Form ADV - Important Disclosure Information

The United States Securities and Exchange Commission (SEC) requires Registered Investment Advisors (RIAs) to update and file Form ADV annually. If you did not receive a Form ADV from your advisor, it's likely that you are working with a commissioned salesperson and you should seek advice elsewhere. Here is what Arthur Levitt, former SEC Chairman had to say about the difference between an independent Registered Investment Advisor, like our firm, and a broker:

“If you have more than $50,000 to invest, you should fire your broker and find an investment advisor. Brokerage firms would like for you to think that they perform the same functions as investment advisors. Many brokers call themselves ‘financial consultants’ or ‘financial advisors.’ But they are not the same as independent investment advisors.”
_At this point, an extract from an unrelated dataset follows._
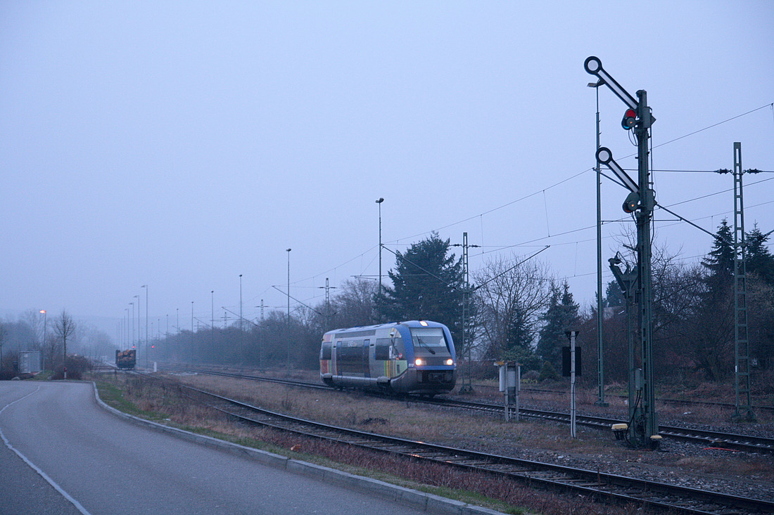 Bahn im Markgräfler Land. X 73901 auf der Klemmbachbrücke in Neuenburg. März 2019.

The most important duty of an investment adviser is the disclosure of all information relating to the relationship between an adviser and a client. The disclosure required in Form ADV includes identifying potential conflicts of interest between the advisor and the client that should be very important considerations. The form also provides information on the ownership structure of the firm, it's size, the types of clients it works with, its fee structure and affiliations. This is the reference tool with which the client or potential client can compare advisory firms for compatibility with their needs. That is why investment advisory regulations require that Part 2A of Form ADV be given to customers in advance of entering into a contract.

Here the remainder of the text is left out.